Getting lost could mean spending the night in the woods and, if unprepared, risking hypothermia, injury, or even death. At the very least, it could mean a tough slog back up the hill to follow one's tracks to the trail - and with fresh powder and deep snow, this is particularly tough, it could mean a long, cold, and scary wait for a rescue.

SPECIALTY CLINICS
For those who want to ski natural terrain and gain off-piste experience and skills, Killington offers backcountry clinics.
"We don't offer this option to encourage backcountry but rather to educate those who think they want to get into it," Megnin noted. It is a proactive educational experience so that people do not naively get into trouble, he said.

Dan Egan, who conducts these clinics, advocates education as the route to safety in backcountry explorations. People should "go in pairs and know how to ski in pairs. This means keeping in the line of sight of your partner, and doing short sections. It is a pain to have to travel long distances uphill to help someone who has become injured or stuck," he said.

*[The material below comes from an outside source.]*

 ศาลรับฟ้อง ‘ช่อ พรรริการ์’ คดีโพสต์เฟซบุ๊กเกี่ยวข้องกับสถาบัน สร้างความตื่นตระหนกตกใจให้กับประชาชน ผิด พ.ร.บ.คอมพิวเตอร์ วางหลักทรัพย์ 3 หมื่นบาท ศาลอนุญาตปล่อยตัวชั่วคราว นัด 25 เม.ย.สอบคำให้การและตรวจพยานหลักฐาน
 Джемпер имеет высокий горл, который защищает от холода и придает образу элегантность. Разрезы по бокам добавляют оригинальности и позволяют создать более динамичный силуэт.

"The danger zone is people who have some information and think they can use it and think I know this." Citing previous deaths in northern Vermont backcountry areas, he said that a "deadly winter can result from a little information." Knowledge of terrain plus experience and skill sets are really mandatory.

Egan noted that avalanches are also possible in the East with two in Tuckerman's Ravine so far this year.

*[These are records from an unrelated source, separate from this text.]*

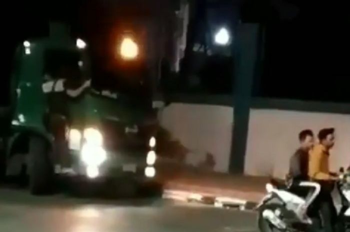 Dengan menggantung di pintu truk sebelah kakan, pemalak berusaha terus mengancam sopir dan meminta sejumlah uang.
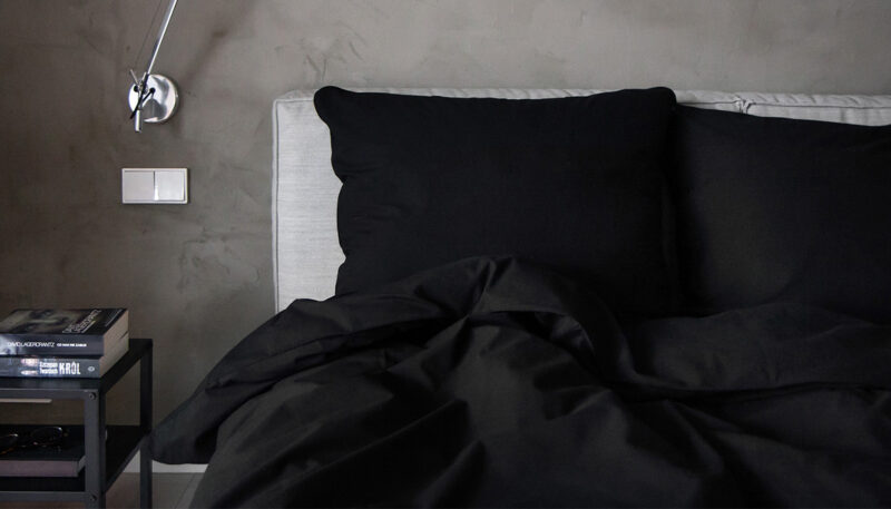 Černé povlečení je kombinací elegance a hloubky barev, perfektní pro milovníky výrazných akcentů v ložnici.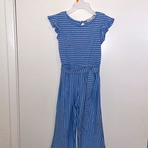 Super cute romper short pants. Copper Key is the brand. Color is blue/white stripes. Has a tie waist detail. Girls size 5 with ruffled sleeves. Awesome condition.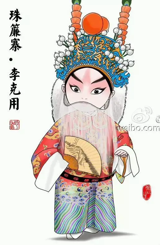 █ 京剧《珠帘寨》中的李克用剧照及Q版绘像,转自的灰微博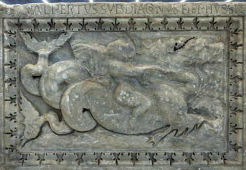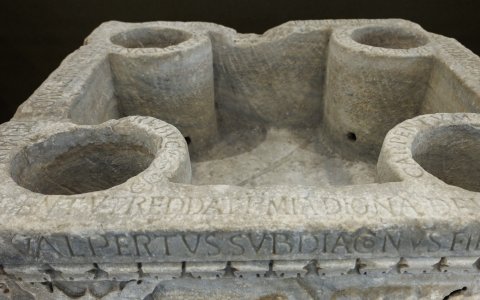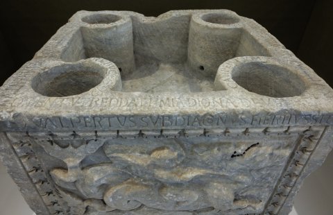 - Walpertus subdiaconus fieri iussit // Hoc fabricavit opus Walp(er)tus amore parentum / orent ut reddat pr(ae)mia digna deus / quod Mediolano multo deferre labore / hic studuit cupiens obtinuisse suo // Vade dormitum / rebuc / carpentum / bona nocte

Exploring the Beast clinics - offered Feb. 15-16, Feb. 17-18, and March 9-10 -address backcountry skills such as reading terrain, understanding conditions, and picking the best lines down the mountain while exploring glades and natural terrain.

"The way to get better is to take a clinic, ski with an experienced guide, and ask questions like 'what would you do in this situation,'" he said.

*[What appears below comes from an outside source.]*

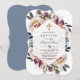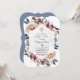 Romantic, elegant design featuring delicate watercolour dusty blue, misty rose flowers bouquet, gorgeous divider, a semi-transparent shape and on the back a navy blue background and the same divider. Use Personalise tool to add your info. For matching items, please, visit my Baptism/Christening Celebration Collection.
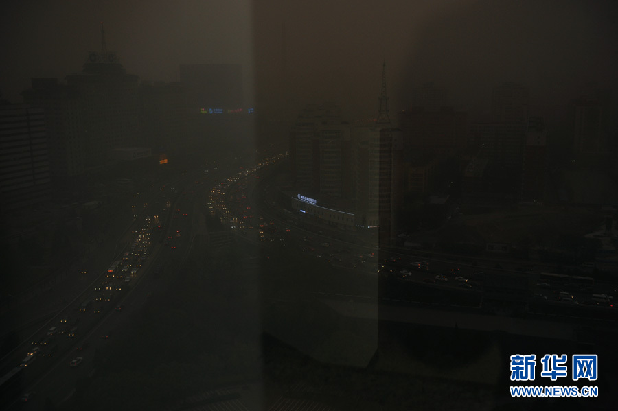 2015年4月15日17时许,北京遭遇沙尘暴袭击,城区能见度降低。图为北京西便门桥附近场景。新华网 李清摄

Egan also stresses preparedness with a backpack supplied with water and food, space blanket and cell phone, noting the latter are "the two most important" items but adding a "whistle" is helpful also. "If we get separated, and/or I fall, I can let you know where I am," he explained.

ALTERNATIVE ADVENTURES
There are many other alternatives for those seeking adventure. They include: Meet the Mountains Tours, Monster Freeride Sessions, Women' Camps, and racing, freestyle, and moguls programs.

Meet the Mountains Tours are free and fun. They are familiarization tours offered at 10 a.m. and 11 a.m. seven days a week and start by the 'Tour' sign in the Snowshed Courtyard. Anyone of advanced beginner or better ability can take the tour -lift ticket required.

Knowledgeable Ambassadors also ski around Killington's diverse mountain areas, imparting knowledge of terrain, wooded areas, steeps, and even places to eat. They offer great tips and tales. Tours typically last 75-90 minutes but if a group wants to stay together longer, tours have been known to go for 3 or 4 hours, noted John Puchalski, the head of the Ambassador program.

Ambassadors will also "gladly take a run or two with you if you see them on the mountain and ask. And they will let you pick the terrain," Puchalski noted.

Beyond this basic and great way to learn to enjoy Killington's diversity, there are a host of programs that provide more adventure and skill development.

For the cool or aspiring action-sports person, there are terrain parks. A progression of five parks allows one to start small and end "big." The best way to learn is to take lessons or clinics because the basics of the 'smart style' code help you to safely learn to do the cool moves quicker than experimenting on your own.

Action sports athletes Ian Compton, Jeremy Landy and friends offer Monster Freeride sessions to skiers and riders with a chance to take on the park and Stash. Adult 18+ camps are offered Feb. 23-24 and Youth (7-18,) Feb. 16-18, 19-20, and 21-22.

Women's clinics are also offered with Donna Weinbrecht Feb. 18-19 and March 16-17.

Ski and snowboard lessons offer a host of programs designed to address your particular needs, from glades to bumps, freeride to parks, carving to children's lessons. There's nothing like midweek instruction - just communicate your needs and goals and enjoy greater skills and confidence!